* Your goal *
Each line from the one containing "Petropavlovsk, Kazakhstan - May" through the last line of the data below should be printed exactly, please, with any pictures omitted.

--- Data Enclosed Below ---

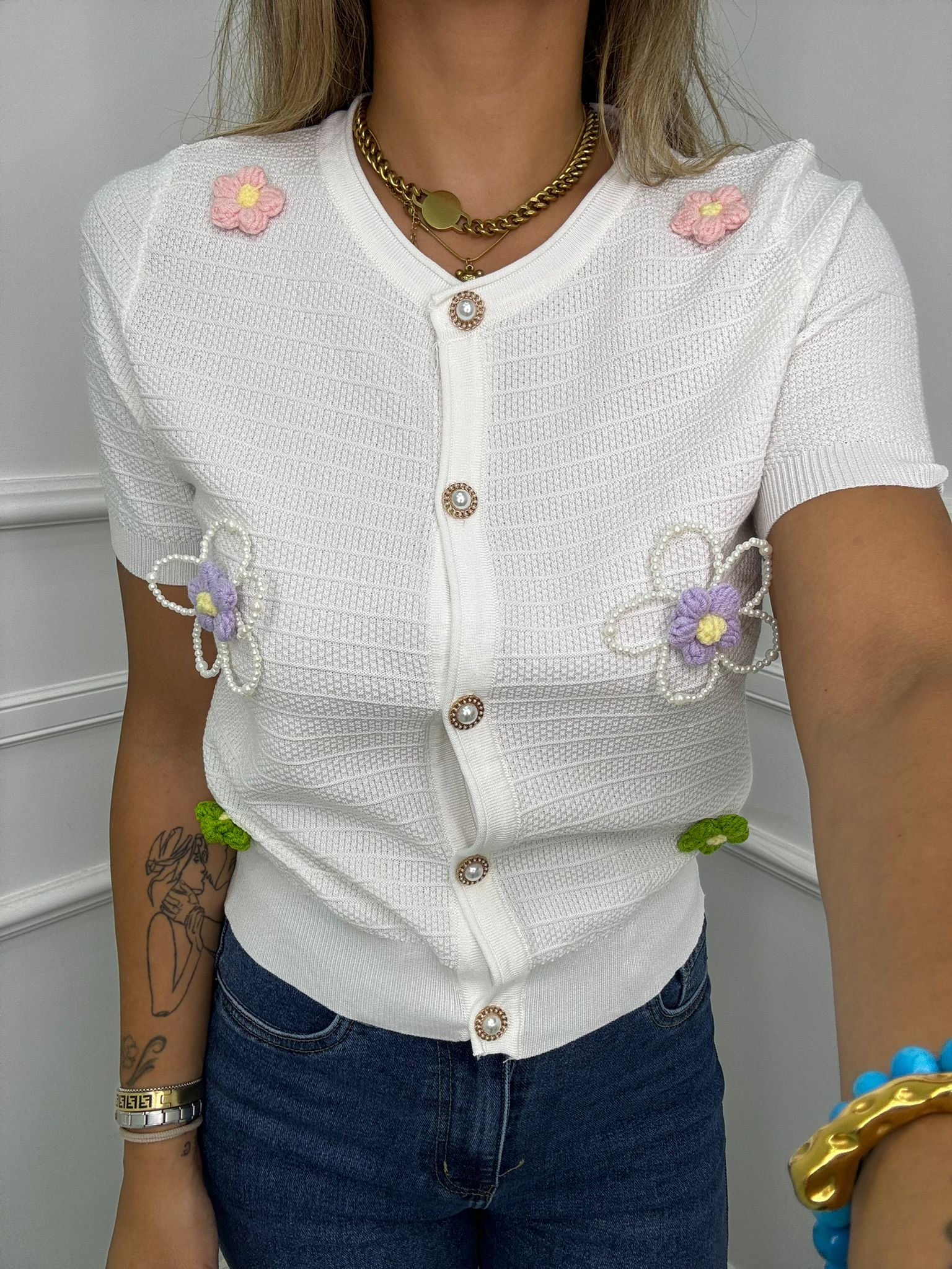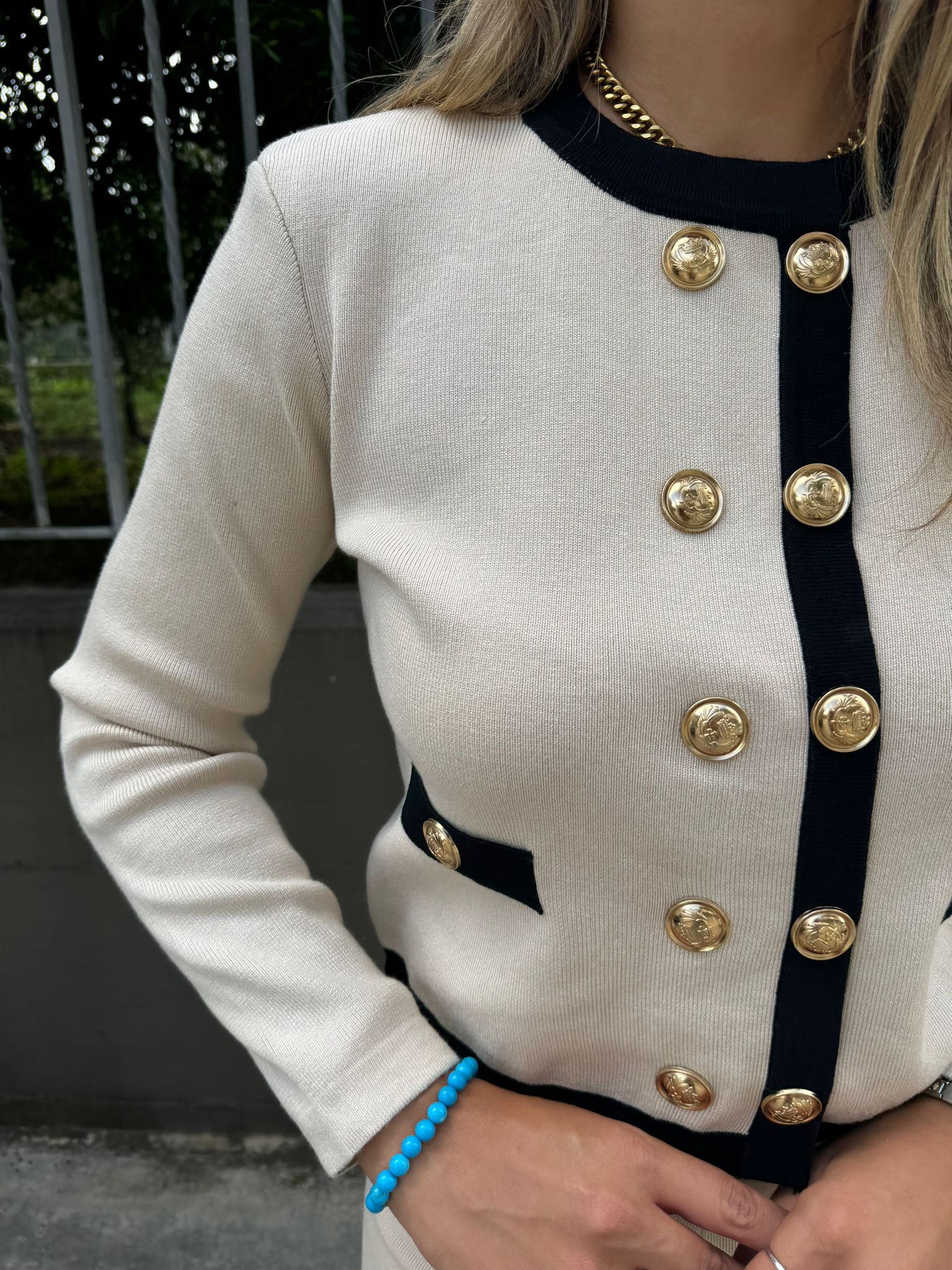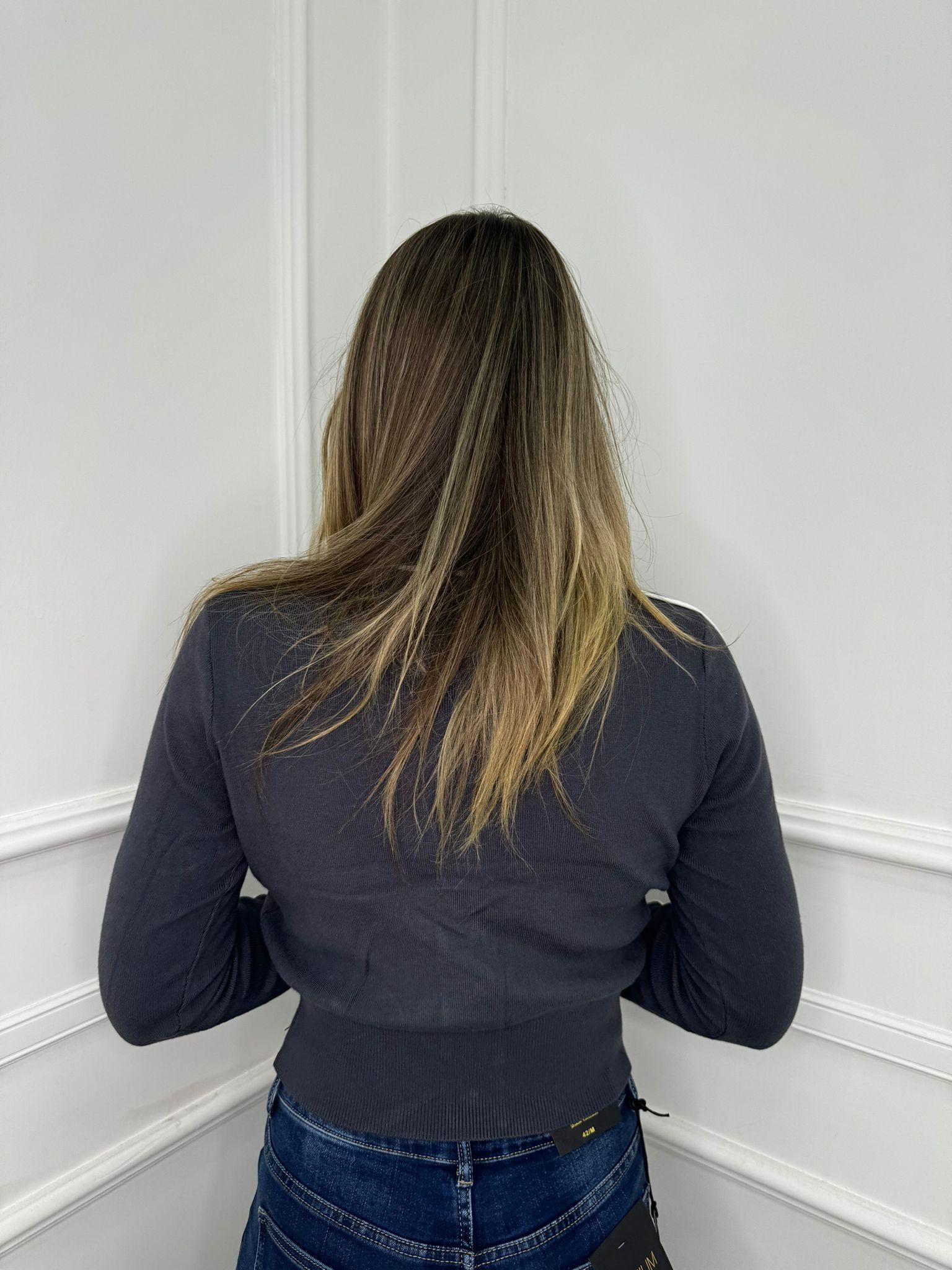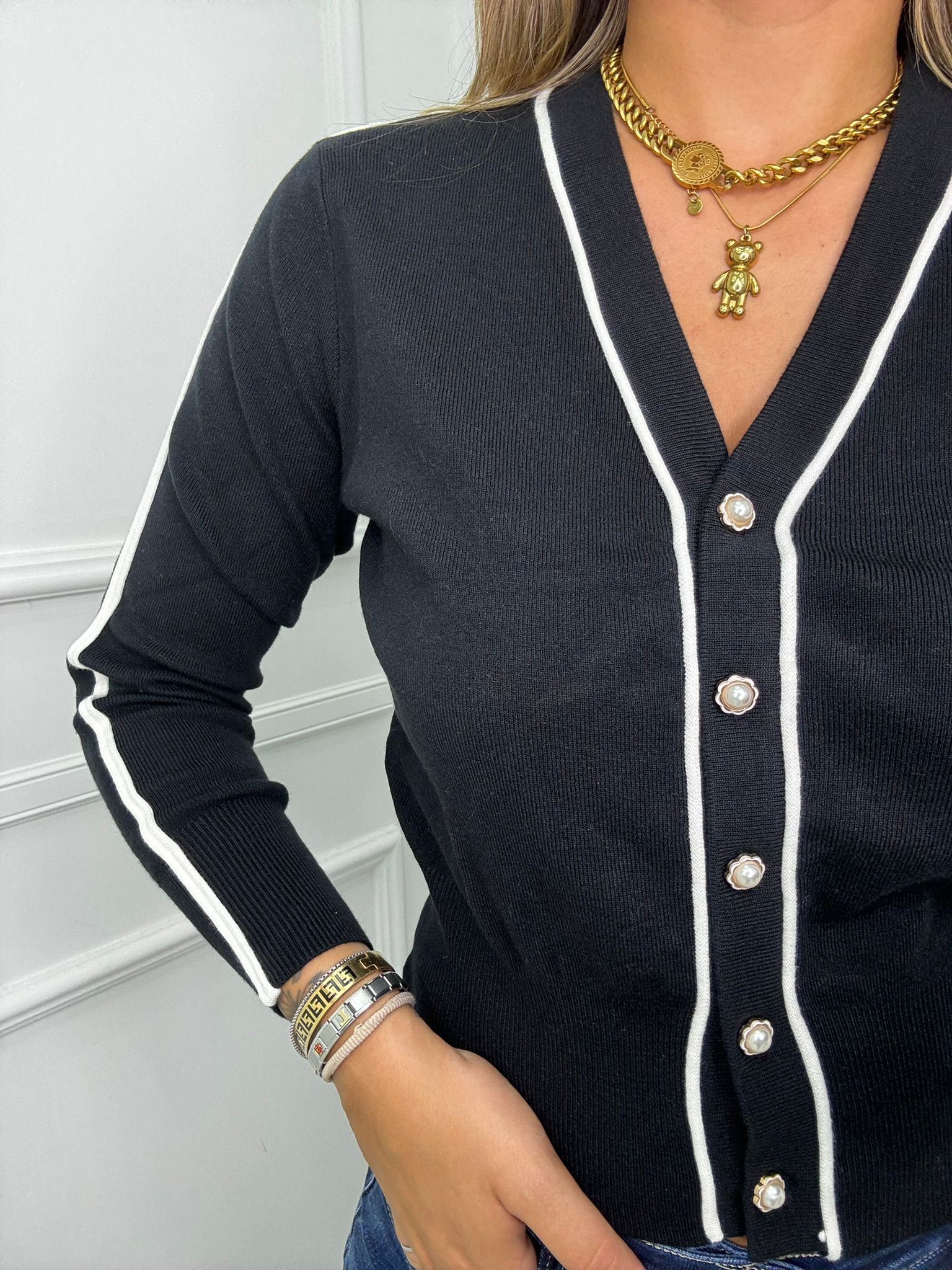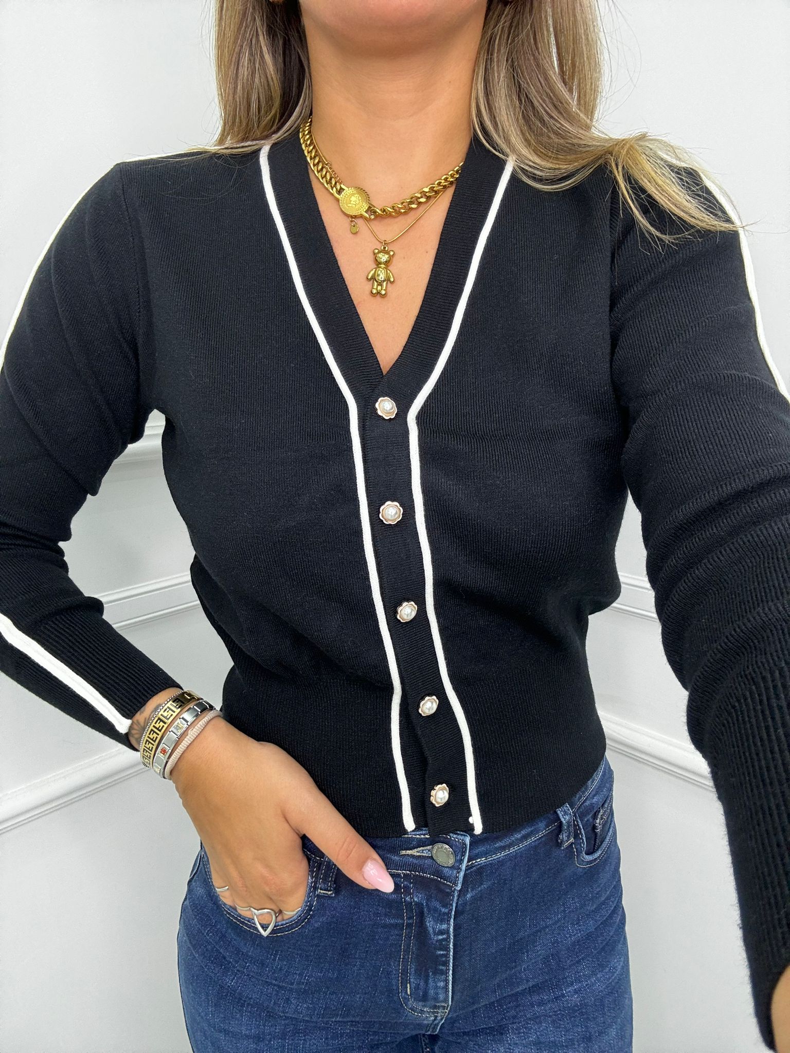 Cardigan tinta unita con applicazioni swarvoski tono su tono
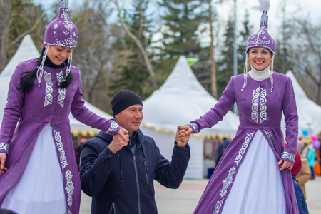 Petropavlovsk, Kazakhstan - May 1, 2019: Songs and dances in the national costumes of the peoples of Kazakhstan. May 1 in Kazakhstan is the Day of Unity of the People.
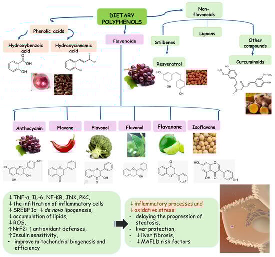 Diet can profoundly influence metabolic diseases. Food diets rich in fats, sugar, and ultra-processed foods are related to inflammatory and oxidative processes. A diet abundant in fruit and vegetables can reduce risk factors such as dyslipidemia, hyperglycemia, hypertension, obesity, inflammation, and oxidative stress [,,,,,,,], which are essential in the development and progression of MAFLD [,,,]. Phytocompounds comprise many natural chemical compounds that are beneficial to counter metabolic diseases [,,,,,,,,,,]. Polyphenols are part of this group, and more than a thousand have been identified. Significant components of this class are phenols, polyphenols, carotenoids, phytosterols, isoprenoids, saponins, and dietary fibers [].
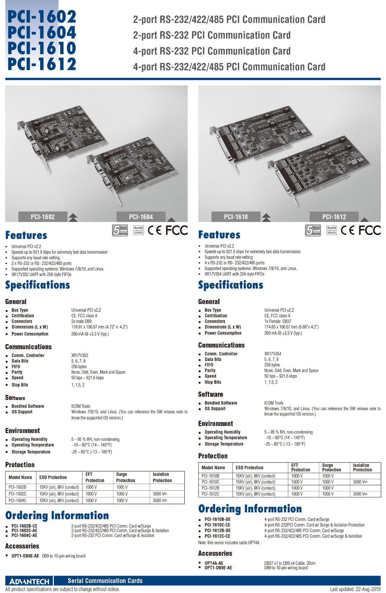 PCI-1602C/1602B Industrial Communication Card 2 Ports RS-232/485 Including Isolation PCI Communication Card

--- End of Enclosed Data ---

* Written solution *
 Petropavlovsk, Kazakhstan - May 1, 2019: Songs and dances in the national costumes of the peoples of Kazakhstan. May 1 in Kazakhstan is the Day of Unity of the People.
 Diet can profoundly influence metabolic diseases. Food diets rich in fats, sugar, and ultra-processed foods are related to inflammatory and oxidative processes. A diet abundant in fruit and vegetables can reduce risk factors such as dyslipidemia, hyperglycemia, hypertension, obesity, inflammation, and oxidative stress [,,,,,,,], which are essential in the development and progression of MAFLD [,,,]. Phytocompounds comprise many natural chemical compounds that are beneficial to counter metabolic diseases [,,,,,,,,,,]. Polyphenols are part of this group, and more than a thousand have been identified. Significant components of this class are phenols, polyphenols, carotenoids, phytosterols, isoprenoids, saponins, and dietary fibers [].
 PCI-1602C/1602B Industrial Communication Card 2 Ports RS-232/485 Including Isolation PCI Communication Card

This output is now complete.